A TikTok video of a Cedar City substitute teacher in which she said she was causing “political unrest” by discussing her gender pronouns with students and displaying a water bottle with an anti-Bible sticker was featured on the @LibsofTikTok Twitter account Monday. The video has reached nearly three million Twitter impressions and one million views.
In an interview with the Deseret News, the woman identified herself as 21-year-old Audrey Wells. She said many of her comments were an attempt at “humor” and she criticized parents who complained to the district.
In the video, Wells describes her day as a substitute teacher at the southern Utah school and said she is the “political unrest that Cedar City needs.” Besides dying her hair purple and displaying a couple of tattoos, Wells said she introduced herself to the students with the preferred pronouns of “she/any.” The video ends with Wells noticing she left a water bottle with a “I don’t care what the Bible says” sticker on it at the front of the classroom.
Wells said she told a high school 10th grade class she uses the pronoun “any” because she “responds to all genders” and that way no one can misgender her.
Wells told the Deseret News the video is from her substitute teaching experience at Cedar High School last spring. She said she also substituted in elementary and middle school classes in the Iron County School District but only for a total of a few weeks.
The school district could not confirm it had employed Wells last school year. “The district uses an outside temporary employment agency for substitute teachers. We currently contract with a different agency than we used in the spring and do not have access to records of substitutes and jobs they completed last year,” the school district spokeswoman, Shauna Lund, said in a statement.
Lund did verify that Wells isn’t a current employee and that the school district “does not have a policy about sharing pronouns.”
Only a “minimal” number of parents have contacted the school district about the video, and Lund said they have emphasized to concerned parents that Wells is no longer a teacher and that the video was from the spring.
Wells said she was surprised her video was getting national attention eight months later. She had to look up what Libs of TikTok was Monday night after her friends told her what had happened.
What is Libs of TikTok?
The Libs of TikTok Twitter account, which reposted Wells’ video, is run by Chaya Raichik, a conservative activist who aggregates public videos primarily from LGBTQ users on social media working in education. Popular media and political figures have referenced her content when speaking about what they see as “woke” ideology taught in K-12 schools. The controversial account has amassed over 1.8 million followers.
Raichik told the New York Post last year she hopes to expose the “lefty lunacy” of some teachers and the “grooming and indoctrination” of students in schools. In response to her posts, school districts have terminated multiple teachers across the country.
Taken out of context?
Wells said her video was made mostly out of jest and for the benefit of her online LGBTQ friends. “Most of the students didn’t even care,” Wells said, about sharing her pronouns in class.
In the video, Wells said one student asked her to explain why she uses “any” as a pronoun. “Any” refers to Wells identifying with all genders, she told the student. “That way no one can misgender me.”

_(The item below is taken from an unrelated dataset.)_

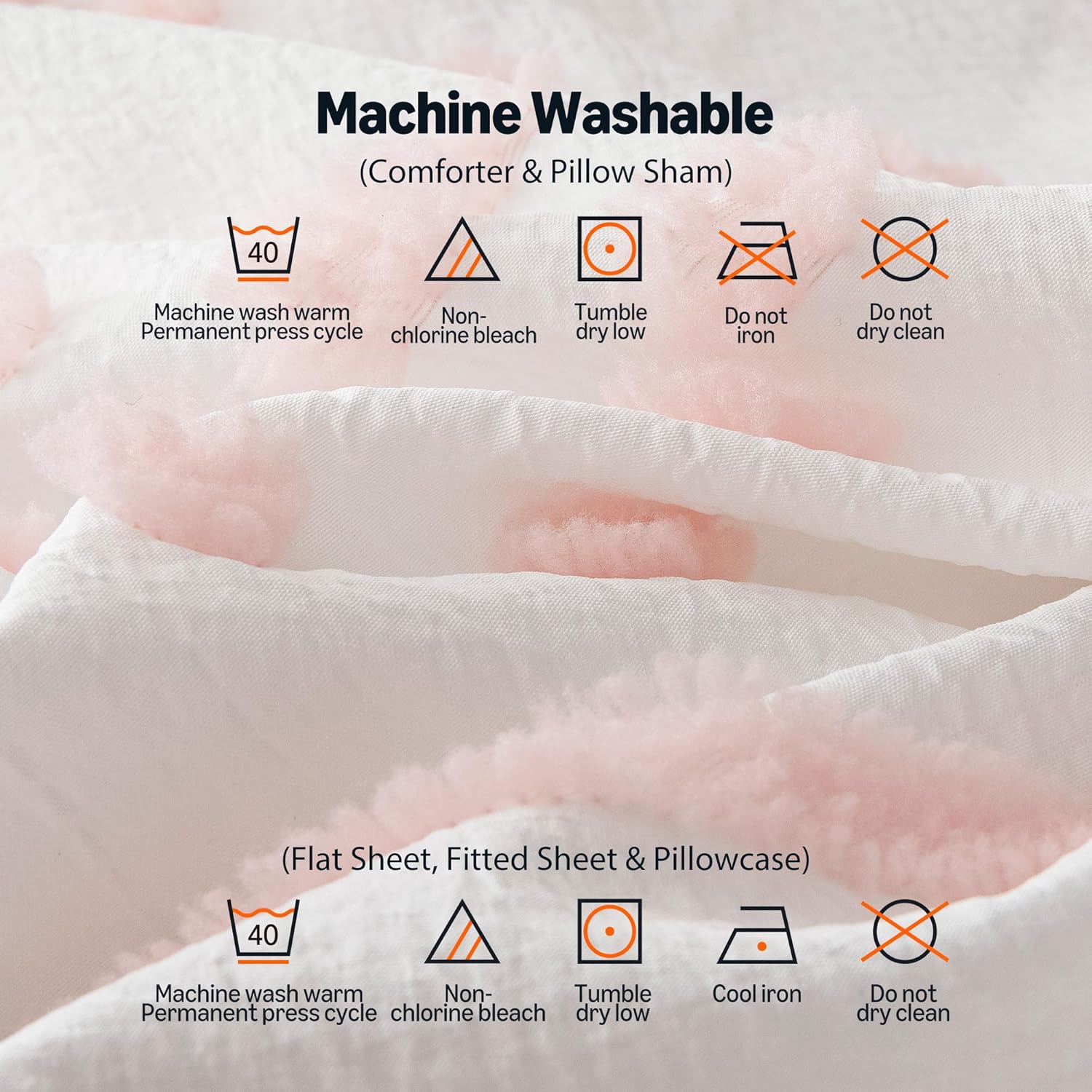 Amazon Basics 7-Piece Kids’ Bed-in-a-Bag, Jacquard Microfiber Bedding Set with Comforter, Sheets, Pillowcases and Pillow Covers, All-Season, Pink Tufted, Full/Queen

A student then looked up from the front row and said aloud, “Wow, IQ 1000.” Which Wells said she “thought was super funny,” so she made a TikTok video about it.
Wells was unfamiliar with Libs of TikTok until Monday when her video from last April was reposted to millions of subscribers. After searching through the other LGBTQ videos that Libs of TikTok reposts, Wells said she thought most of the videos are “made by queer people for queer people.”
She said the videos are made with a “queer subculture humor” that is both sarcastic and ironic. Calling Raichik “mean” and “hateful,” Wells said she thought Raichik was “instilling queer fear” in conservatives on Twitter.
When asked about the “political unrest” comment she made in the video, Wells dismissed it as a joke. “I meant that more sarcastically, like, ‘isn’t it funny that people think this was political because it’s obviously not,’” she said.
Despite what she said in the video, Wells said she doesn’t see what she did as political or an attempt to foist her ideology on students.
Wells dismissed the concerns of Cedar City parents who complained to the district about her video, and who may have seen her video as evidence of activism or bringing politics into the classroom. She said they should research the “harm homophobia and transphobia” can cause.
Wells said a number of the complaints she received online were from individuals concerned she was “mocking the Bible in front of kids.” She dismissed these and said she views religion as “indoctrination.” Wells acknowledged that her anti-Bible sticker on her water bottle was at the front of the class, but said she never referenced it in any conversations with students.